| What the task asks |
Please give the whole listing again exactly, without any of its pictures.
***** Data provided *****
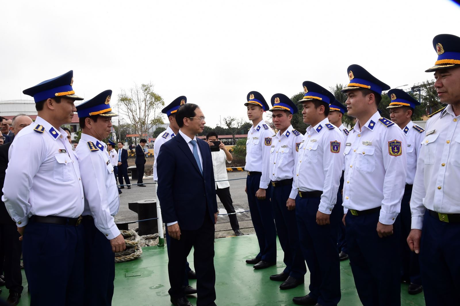 Bộ trưởng Bộ Ngoại giao Bùi Thanh Sơn thăm, động viên cán bộ, chiến sĩ tàu CSB 2008, Hải đội 112, Hải đoàn 11. Ảnh: Mạnh Thường
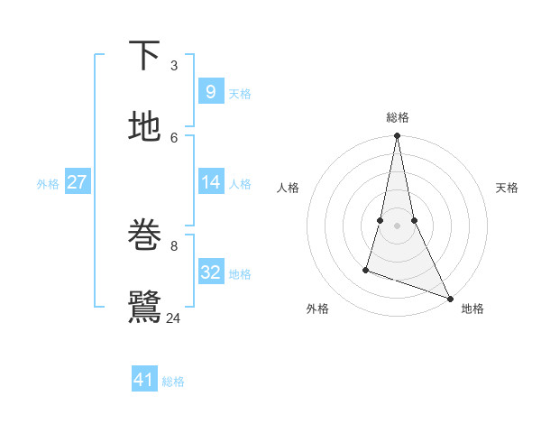下地 巻鷺さんを姓名の画数から五運を鑑定
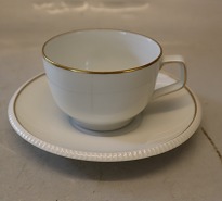 Antik 616 Kagetallerken 17 cm bred poler guldkant Hvidt porcelæn med bred guldkant på antik form Bing & Grøndahl
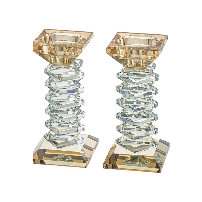 Coffret comprenant verre de kidouch, paire de bougeoirs et un plateau, en cristal. Coloris transparent et or.
*****
| Written response |
 Bộ trưởng Bộ Ngoại giao Bùi Thanh Sơn thăm, động viên cán bộ, chiến sĩ tàu CSB 2008, Hải đội 112, Hải đoàn 11. Ảnh: Mạnh Thường
下地 巻鷺さんを姓名の画数から五運を鑑定
 Antik 616 Kagetallerken 17 cm bred poler guldkant Hvidt porcelæn med bred guldkant på antik form Bing & Grøndahl
 Coffret comprenant verre de kidouch, paire de bougeoirs et un plateau, en cristal. Coloris transparent et or.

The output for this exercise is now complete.